Given samples from the posterior over parameters, return the predictive
distribution over observations at each time `T`, given observations up
through time `T-1`.
Args:
model: An instance of `StructuralTimeSeries` representing a
time-series model. This represents a joint distribution over
time-series and their parameters with batch shape `[b1, ..., bN]`.
observed_time_series: `float` `Tensor` of shape
`concat([sample_shape, model.batch_shape, [num_timesteps, 1]])` where
`sample_shape` corresponds to i.i.d. observations, and the trailing `[1]`
dimension may (optionally) be omitted if `num_timesteps > 1`. Any `NaN`s
are interpreted as missing observations; missingness may be also be
explicitly specified by passing a `tfp.sts.MaskedTimeSeries` instance.

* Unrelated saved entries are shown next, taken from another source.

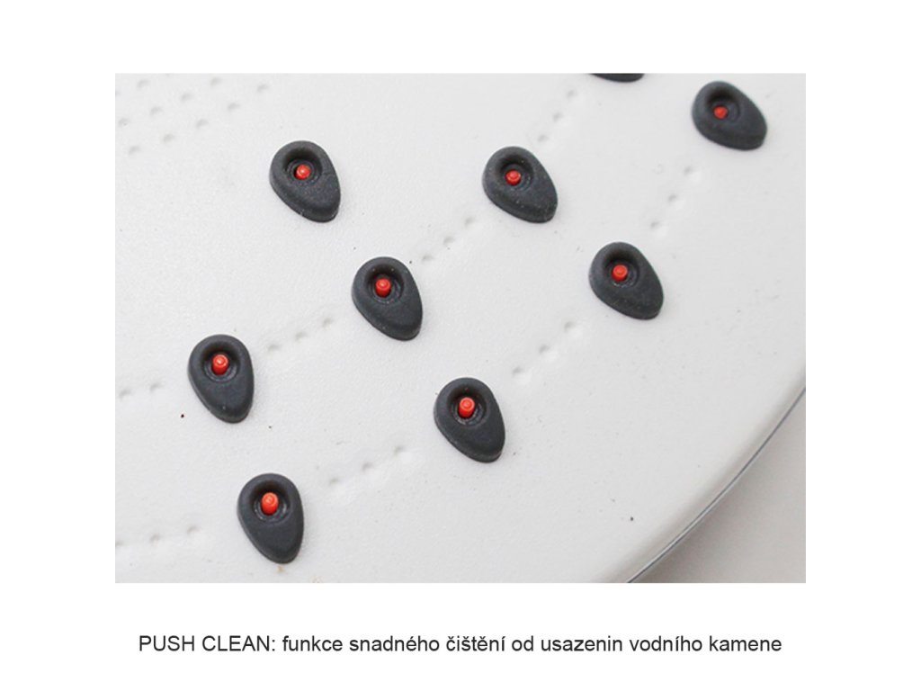 Třípolohová sprchová hlavice se vyznačuje moderním designem, vysokou variabilitou a především umožňuje téměř libovolnou kombinaci s příslušenstvím sprchového programu. Tato hlavice disponuje funkcí Push Clean pro ještě snadnější čištění. Funkce spočívá v tom, že páčku posunete do polohy vlevo a z trysek vyjedou červené tvrdé bodlinky, které vytlačí ven všechny usazeniny. Ty pak jednoduše spláchnete puštěním vody. Sprcha je osazena standardním závitem 1/2" pro připojení na sprchovou hadici.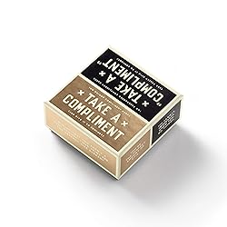 COMPLIMENT SET – The Take a Compliment Card Set from Brass Monkey includes 200 unique compliment cards to hand out...100 compliments and 100 backhanded compliments. INCLUDES 200 UNIQUE CARDS – This set includes 100 compliments and 100 backhanded compliments to give out to friends, family and even strangers if you dare. Give them out one at a time or display them on your coffee table. You're smart, you'll figure out something. PERSONALIZATION - Each card features a unique phrase on the front, with a place to write a personal note on the back (unless you want to stay anonymous). Example compliment: You are like a 20 dollar bill found in a winter coat. Example backhanded compliment: Your attractiveness more than makes up for your personality. Packed in a giftable box, this unique set is ready to be gifted to family and friends. Box measures 4.1" square (by 2" deep if you're curious). BRASS MONKEY – Created way back in 2020, Brass Monkey was founded on the idea that products can have personality, without becoming roadside souvenirs. So that’s where you’ll find them - making well-designed items that just happen to have a sense of humor.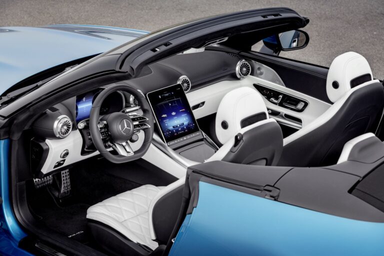 Wnętrze nowego SL przekształca tradycję pierwszego roadstera 300 SL w nowoczesną erę. Dzięki genów sportowych Mercedes-AMG, nowa edycja zaspokaja sportywną grupę docelową, jak również klientów skupionych na maksymalnym komforcie. Wysokiej jakości materiały, staranne wykonanie i dbałość o szczegóły dodatkowo podkreślają wysoki standard luksusu w wnętrzu. Projekt kokpitu, aż po elektrycznie regulowany centralny wyświetlacz w konsoli środkowej, skupia się na kierowcy i urzeka harmonijnym ogólnym wrażeniem. Całkowicie nowa koncepcja wymiarowa z 2+2 miejscami oferuje jednocześnie większą funkcjonalność i przestronność w wnętrzu. System multimedialny MBUX oferuje wybór kilku specyficznych stylów wyświetlania i różnych trybów.
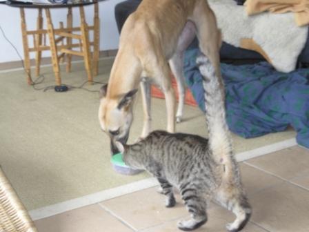 Nützlich macht sie sich auch schon: Da die andern doch recht schlampert ihre Näpfe leer fressen, sieht sie das jetzt als ihre Aufgabe, alle nachträglich gründlich zu reinigen. Notfalls auch dreimal bis auch das allerletzte Fitzelchen beseitigt ist. Sie ist da sehr penibel. Auch Joghurt und Sahnebecher spült sie gerne vor.

parameter_samples: Python `list` of `Tensors` representing posterior samples
of model parameters, with shapes `[concat([[num_posterior_draws],
param.prior.batch_shape, param.prior.event_shape]) for param in
model.parameters]`. This may optionally also be a map (Python `dict`) of
parameter names to `Tensor` values.
timesteps_are_event_shape: Deprecated, for backwards compatibility only.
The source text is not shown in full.